The clutter component reducer 73 may acquire the frequency spectrum
by using another frequency conversion method.
[0079] Next, the clutter component reducer 73 reverses left and
right (reverses positive and negative) of the generated frequency
spectrum A(.omega.) (FIG. 5B). Then, the original frequency
spectrum A(.omega.) and the left-right-reversed frequency spectrum
are overlapped (FIG. 5C). In addition, in a state where the
original frequency spectrum A(.omega.) and the reversed frequency
spectrum are overlapped, one having a smaller power is extracted
for each .omega., and a new frequency spectrum B(.omega.) is
generated based on the extraction result, (FIG. 5D). As illustrated
in FIG. 5D, the frequency spectrum B(.omega.) is typically
symmetrical with respect to positive and negative frequencies.
[0080] In the processes of FIGS. 5A to 5D, the clutter component
reducer 73 compares A(+.omega.) with A(-.omega.) focusing on the
positive/negative symmetry of the frequency spectrum A(.omega.) and
extracts one that is smaller to generate a new frequency spectrum
B(.omega.). This new positive/negative symmetric frequency spectrum
B(.omega.) is considered to be a frequency spectrum corresponding
to the clutter components included in the frequency spectrum
A(.omega.) acquired based on the Doppler signals (I, Q). The
reasons are as follows.
[0081] Since the clutter component has high randomness, it is
considered that the average value of the frequency spectrum
corresponding to the clutter components has positive/negative
symmetry. Therefore, by extracting A(+.omega.) or A(-.omega.),
whichever is smaller, positive and negative symmetric components of
the frequency spectrum A(.omega.) can be extracted, and it is
considered that the components correspond to the clutter.
[0082] For the reasons described above, it is possible to extract
the frequency spectrum B(.omega.) corresponding to the clutter
components in FIG. 5D. Therefore, as illustrated in FIG. 5E, the
frequency spectrum B(.omega.) corresponding to the clutter
components is subtracted from the original frequency spectrum
A(.omega.) (more accurately, "divided", since the vertical axis of
FIGS. 5A to 5F is in a logarithmic representation), so that a
frequency spectrum C(.omega.) corresponding to substantially only
the blood flow components with the clutter components reduced can
be generated (FIG. 5F).
[0083] FIG. 6 is a diagram illustrating a procedure of the clutter
component reduction process in the clutter component reducer
73.
[0084] When the Doppler signals (I, Q) are input from the corner
turn control unit 72, the clutter component reducer 73 partitions
the Doppler signals (I, Q) into data sequences having several
points (process P1), and performs fast Fourier transform (FFT)

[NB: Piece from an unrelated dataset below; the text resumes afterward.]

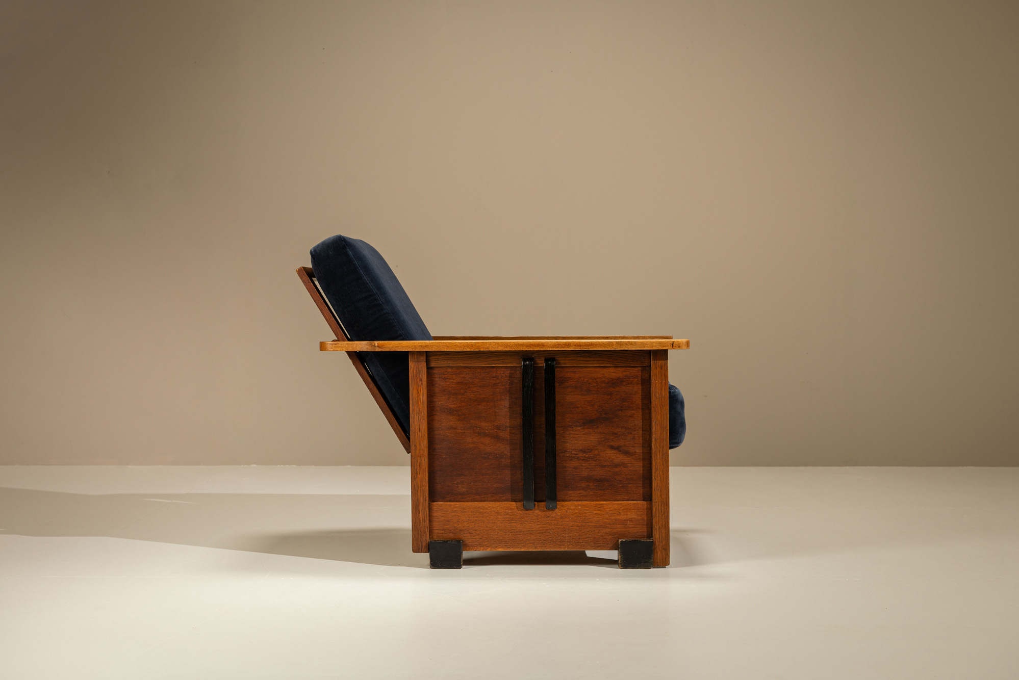 Wear marks along the armrests hint at past use, imparting a slight ruggedness to its polished appearance.A chair that speaks to its authenticity, combining practical design with a hint of aged beauty. This piece would effortlessly complement interiors looking for furniture that blends simplicity with personality.

based on the data sequences partitioned (process P2) to convert the
Doppler signals into a frequency spectrum (process P3).
[0085] In the process P1, when the clutter component reducer 73
partitions the Doppler signals (I, Q) into data sequences, the data
at several tail points of a certain data sequence and the data at
several head points of the next data sequence may be overlapped.
More specifically, for example, in the case where the complex
Doppler signals z1, z2, z3, . . . , zM, are partitioned to the data
sequences each of which has 128 points, the complex Doppler signals
may be partitioned so that 120 points of each data sequence are
overlapped as illustrated in the following data sequences. [0086]
(1) z1, z2, z3, . . . , z128,
[0087] (2) z9, z10, z11, . . . , z136,
[0088] (3) z17, z18, z19, . . . , z144,
[0089] (4) . . . .
[0090] By such processes, the frequency spectrum A(.omega.) is
obtained for each data sequence (process P3).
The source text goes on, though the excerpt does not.